The Labor Department’s July inflation-adjusted wage figures came out Wednesday, and for a change, the biggest new development (at least IMO!) isn’t on the month-to-month front, the year-to-year front, or even the trend-since-the-recovery-began front (though all of these numbers once again trash the idea of any major wage inflation taking hold in America).
Instead, the big news looks like the fact that, as of last month, real wages for the private sector have experienced their worst six-month stretch since the March-September, 2011 period. That was nearly four years ago!
Back then, wages after inflation for the private sector dropped by 0.58 percent cumulatively. Since this past January, they’re down by 0.47 percent on the same basis.
Moreover, manufacturing wages tell the same story. On a constant dollar basis, they’re now in their worst six-month stretch since July, 2012 through January, 2013. Back then, real manufacturing wages sank by 0.86 percent on net. Since this past January, they’re off by 0.56 percent.

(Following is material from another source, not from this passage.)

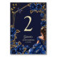 Tarjeta De Mesa Navy Blue Golden Tiara Roses Quinceañera

Not that the bad news, as suggested above, stops there. Real private sector wages actually rose in July by 0.10 percent. That meager advance, however, was the best performance since January. The 1.94 percent year-on-year increase was better than June’s 1.75 percent. But it was the second worst since last December. It’s also true that this July’s annual real wage gains were much better than those of the last few Julys. Yet that’s only because those annual real wage increases were practically nonexistent – and from 2010 to 2011, these wages actually decreased.
And don’t think that the real wage picture brightens when you examine the trends during this economic recovery – an especially important indicator since developments during business cycles (recessions or expansions) give us the most informative data. Since the last recession officially ended – in mid-2009 – inflation-adjusted private sector wages have risen only by 1.74 percent. In other words, that’s the total extent that American workers outside government (where wages are set by politicians’ decisions) have kept ahead of living costs over the last six years.
Interestingly, over the past year or so, the manufacturing real wage path has closely tracked the overall real wage path. As with private sector wages, the inflation-adjusted 0.28 percent monthly gain registered in manufacturing was the best performance since January. And as with private sector wages, manufacturing’s 1.24 percent July year-on-year improvement topped June’s 1.05 percent. As a result, that rise was also a second-worst since December.
Over the longer run, however, there’s been notable divergence between real private sector wages and real manufacturing wages. Whereas the former have risen – slowly – during the current economic recovery, the latter are down by 1.31 percent.
And so it keeps getting ever truer: You can say “wages” and “inflation” in the same affirmative sentence. But you can’t legitimately say that with a straight face.